BONUS: Reproducible scientific workflows
Overview
Teaching: 10 min
Exercises: 0 minQuestions
Objectives
Get an idea of the interplay between containers and workflow engines
Scientific workflow engines
Let’s see how Singularity containers can be used in conjunction with a popular workflow engine.
Scientific workflow engines are particularly useful for data-intensive domains including (and not restricted to) bioinformatics and radioastronomy, where data analysis and processing is made up of a number of tasks to be repeatedly executed across large datasets. Some of the most popular ones, including Nextflow and Snakemake, provide interfaces to container engines. The combination of container and workflow engines can be very effective in enforcing reproducible, portable, scalable science.
Now, let’s try and use Singularity and Nextflow to run a demo RNA sequencing pipeline based on RNAseq-NF.
Run a workflow using Singularity and Nextflow
Let’s cd
into the appropriate directory:
cd /data/bio-intro-containers/exercises/nextflow
For convenience, the content of the pipeline RNAseq-NF is already made available in this directory. There are two critical files in here, namely main.nf
, that contains the translation of the scientific pipeline in the Nextflow language, and nextflow.config
, that contains several profiles for running with different software/hardware setups. Here we are going to use the profile called singularity
.
It’s time to launch the pipeline with Nextflow:
nextflow run main.nf -profile singularity
We’ll get some information on the pipeline, along with the notice that the appropriate container is being downloaded:
N E X T F L O W ~ version 19.10.0
Pulling marcodelapierre/rnaseq-nf ...
downloaded from https://github.com/marcodelapierre/rnaseq-nf.git
Launching `marcodelapierre/rnaseq-nf` [hopeful_almeida] - revision: 91dd162c00 [master]
R N A S E Q - N F P I P E L I N E
===================================
transcriptome: /data/work/.nextflow/assets/marcodelapierre/rnaseq-nf/data/ggal/ggal_1_48850000_49020000.Ggal71.500bpflank.fa
reads : /data/work/.nextflow/assets/marcodelapierre/rnaseq-nf/data/ggal/ggal_gut_{1,2}.fq
outdir : results
WARN: Singularity cache directory has not been defined -- Remote image will be stored in the path: /data/work/singularity-test/nxf/work/singularity
Pulling Singularity image docker://nextflow/rnaseq-nf:latest [cache /data/work/singularity-test/nxf/work/singularity/nextflow-rnaseq-nf-latest.img]
It will take a bunch of minutes to download the container image, then the pipeline will run:
[9e/a8a999] Submitted process > fastqc (FASTQC on ggal_gut)
[6a/4ec5ee] Submitted process > index (ggal_1_48850000_49020000)
[91/109c65] Submitted process > quant (ggal_gut)
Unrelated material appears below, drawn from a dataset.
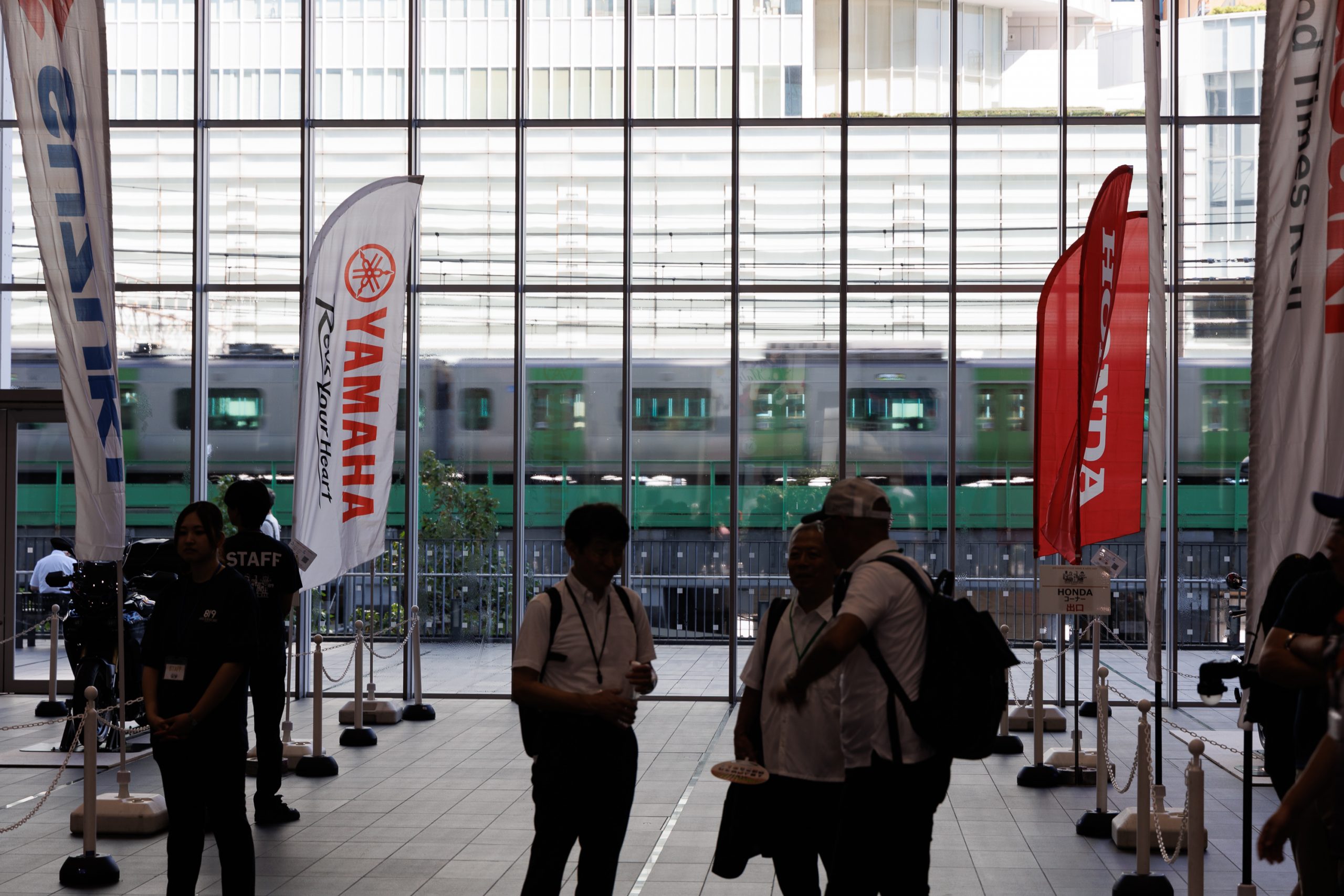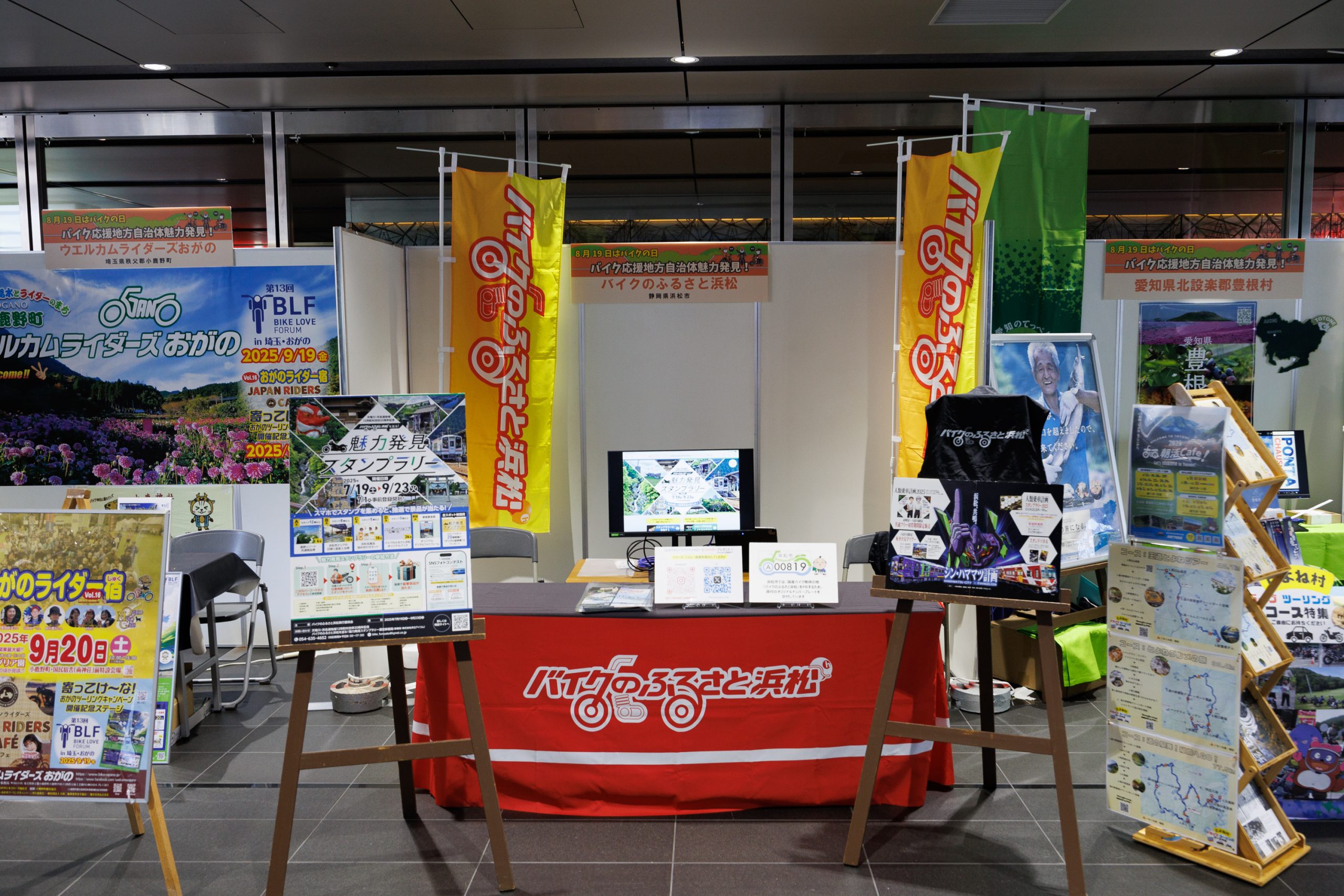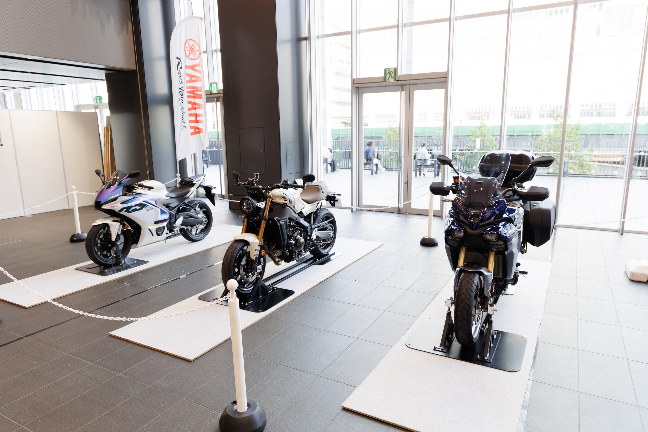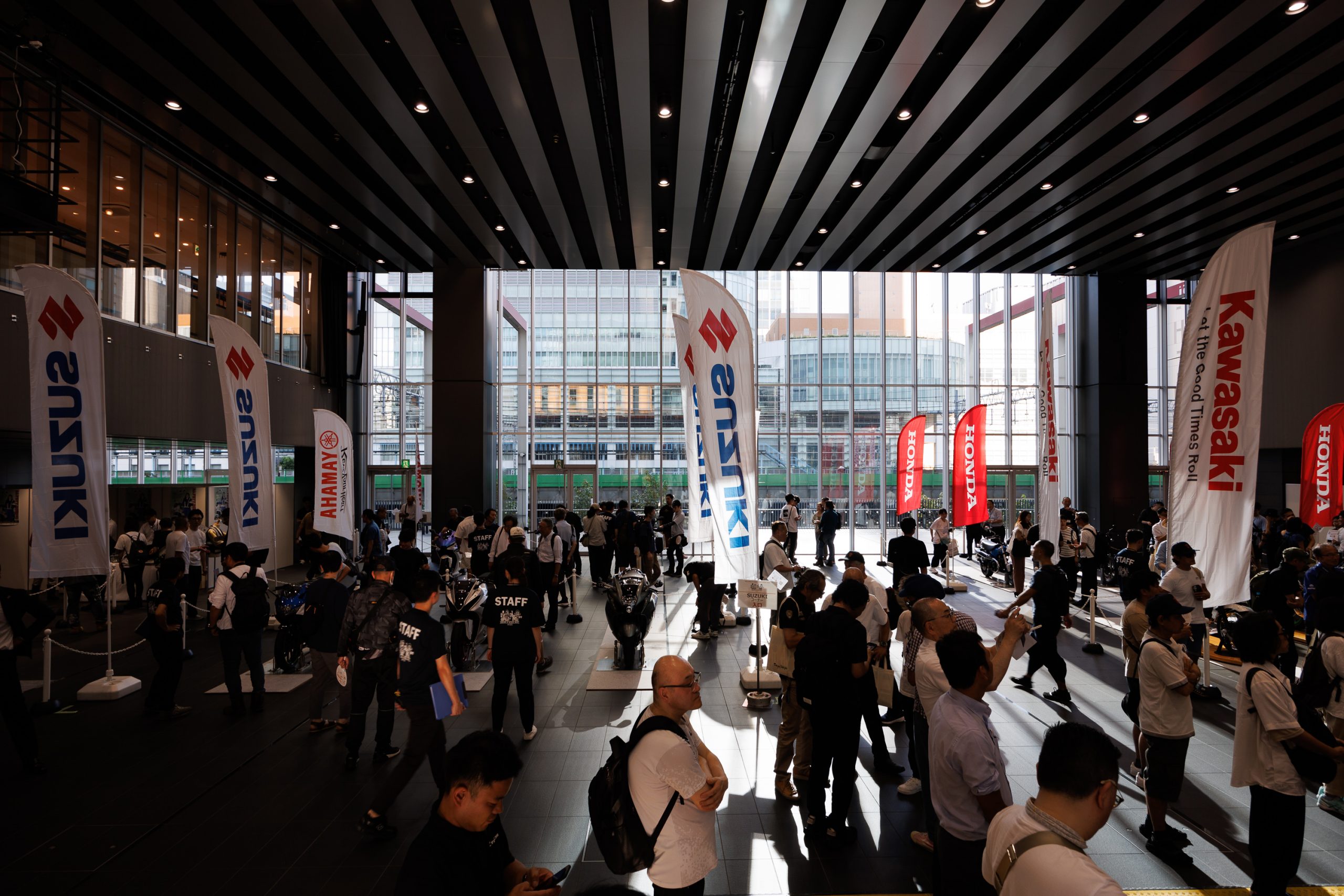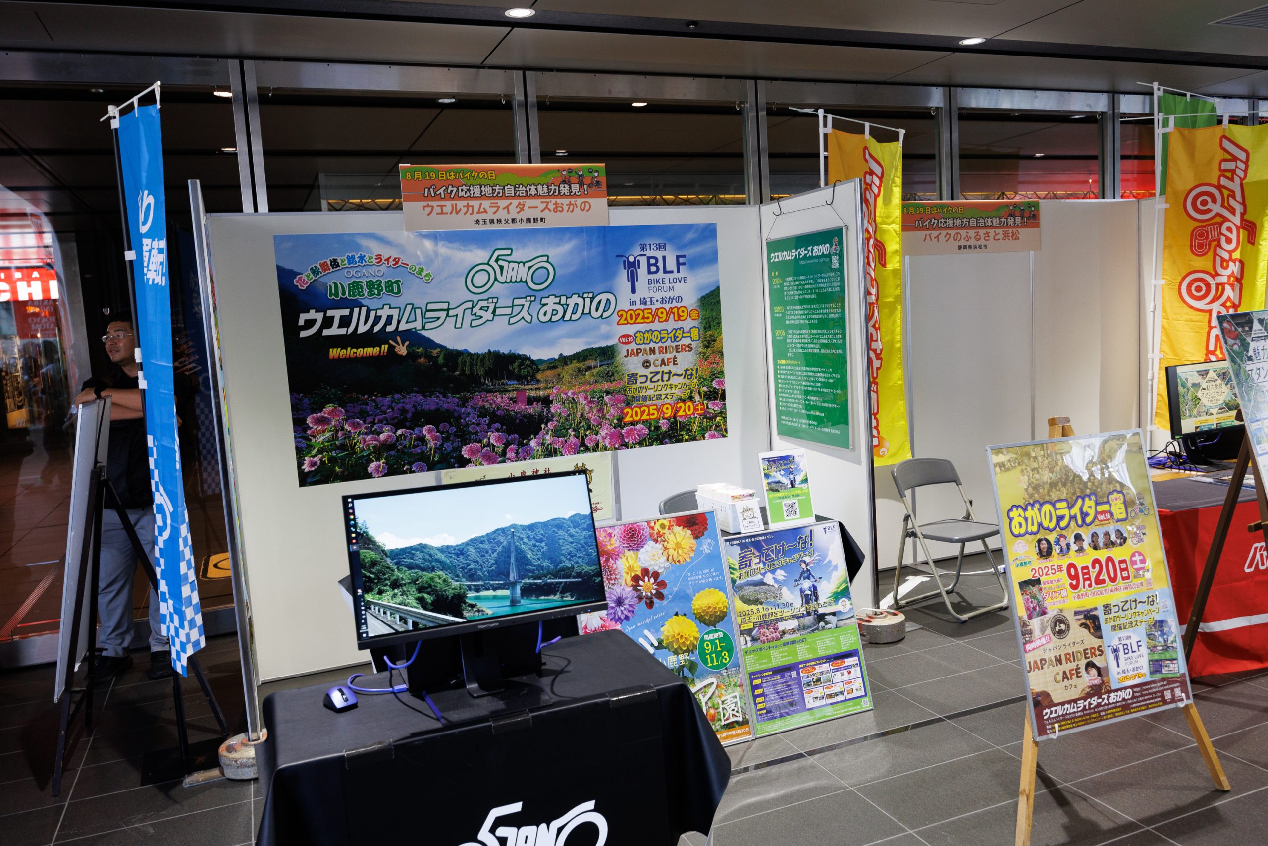 ステージのほかに国内4メーカーの新型モデル、レースマシンの展示や警視庁のご協力をいただき白バイの展示並びに東京都さまによる二輪駐車場のご紹介や地方自治体の皆さまのブースもございます。

[ab/081287] Submitted process > multiqc
Done! Open the following report in your browser --> results/multiqc_report.html
The final output of this pipeline is an HTML report of a quality control task, which you might eventually want to download and open up in your browser.
However, the key question here is: how could the sole flag -profile singularity
trigger the containerised execution? This is the relevant snippet from the nextflow.config
file:
singularity {
process.container = 'nextflow/rnaseq-nf:latest'
singularity.enabled = true
singularity.autoMounts = true
}
The image name is specified using the process.container
keyword. Also, singularity.autoMounts
is required to have the directory paths with the input files automatically bind mounted in the container. Finally, singularity.enabled
triggers the use of Singularity.
Based on this configuration file, Nextflow is able to handle all of the relevant Singularity commands by itself, i.e. pull
and exec
with the appropriate flags, such as -B
for bind mounting host directories. In this case, as a user you don’t need to know in detail the Singularity syntax, but just the name of the container!
More information on configuring Nextflow to run Singularity containers can be found at Singularity containers.
Key Points
Some workflow engines offer transparent APIs for running containerised applications
If you need to run data analysis pipelines, the combination of containers and workflow engines can really make your life easier!